PROVIDED ENTRIES ->

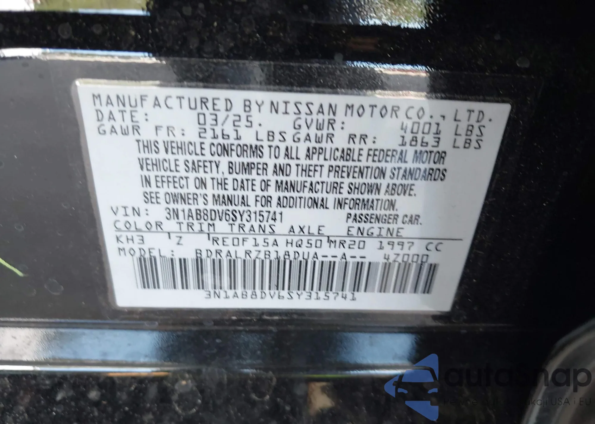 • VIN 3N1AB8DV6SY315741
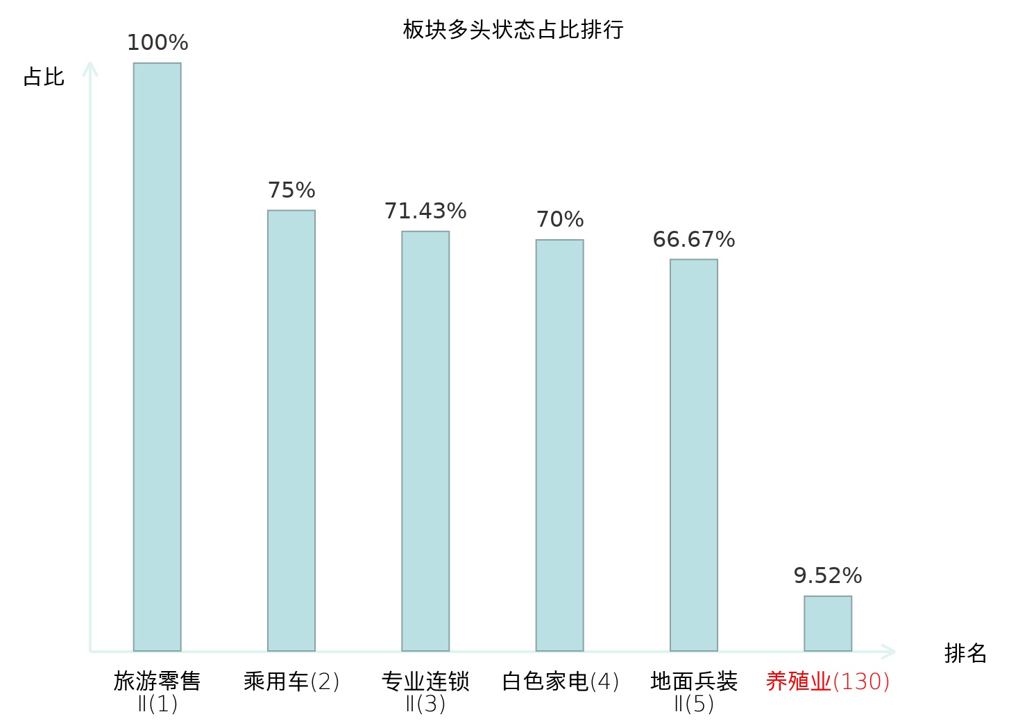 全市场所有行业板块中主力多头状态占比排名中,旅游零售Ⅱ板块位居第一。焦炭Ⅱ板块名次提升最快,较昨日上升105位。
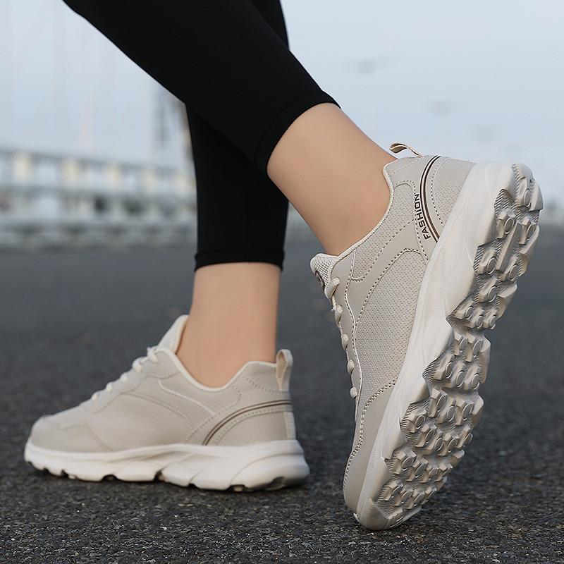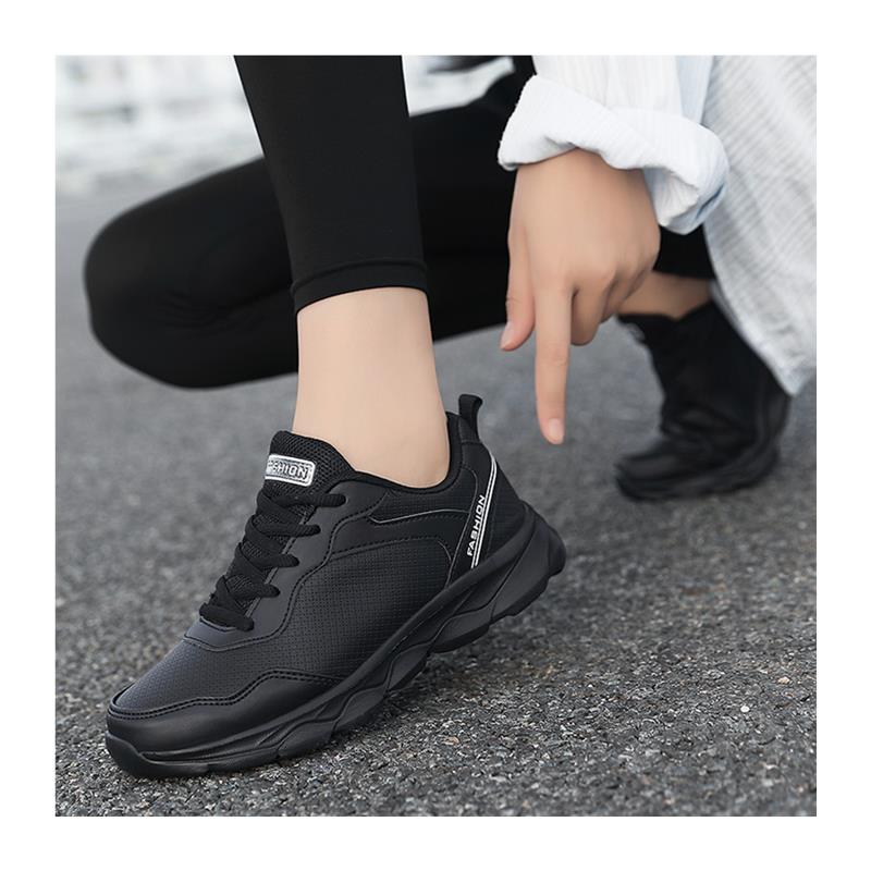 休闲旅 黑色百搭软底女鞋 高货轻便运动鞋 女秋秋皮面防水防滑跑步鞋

---

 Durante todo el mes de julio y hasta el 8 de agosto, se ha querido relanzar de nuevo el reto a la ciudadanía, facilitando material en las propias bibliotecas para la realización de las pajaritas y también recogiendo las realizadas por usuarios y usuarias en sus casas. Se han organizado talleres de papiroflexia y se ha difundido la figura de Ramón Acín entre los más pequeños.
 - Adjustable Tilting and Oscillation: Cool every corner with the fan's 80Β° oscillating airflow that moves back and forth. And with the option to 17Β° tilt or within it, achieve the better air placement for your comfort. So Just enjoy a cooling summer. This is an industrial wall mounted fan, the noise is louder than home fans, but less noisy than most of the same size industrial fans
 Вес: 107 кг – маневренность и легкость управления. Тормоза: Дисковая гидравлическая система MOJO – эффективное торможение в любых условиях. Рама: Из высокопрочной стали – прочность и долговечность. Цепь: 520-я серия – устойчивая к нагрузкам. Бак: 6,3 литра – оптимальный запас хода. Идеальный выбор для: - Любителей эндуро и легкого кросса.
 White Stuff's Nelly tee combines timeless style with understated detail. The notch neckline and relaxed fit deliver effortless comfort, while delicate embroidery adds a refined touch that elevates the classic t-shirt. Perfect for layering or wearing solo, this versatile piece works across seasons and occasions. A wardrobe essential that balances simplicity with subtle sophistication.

WHAT THE TASK REQUIRES -> Above are some entries. Restate word for word the lines from the one holding "全市场所有行业板块中主力多头" through the one holding "休闲旅 黑色百搭软底女鞋 高货轻便运动鞋 女秋秋皮面防水防滑跑步鞋", but not the pictures.

SOLUTION FOR THIS TASK ->
 全市场所有行业板块中主力多头状态占比排名中,旅游零售Ⅱ板块位居第一。焦炭Ⅱ板块名次提升最快,较昨日上升105位。
 休闲旅 黑色百搭软底女鞋 高货轻便运动鞋 女秋秋皮面防水防滑跑步鞋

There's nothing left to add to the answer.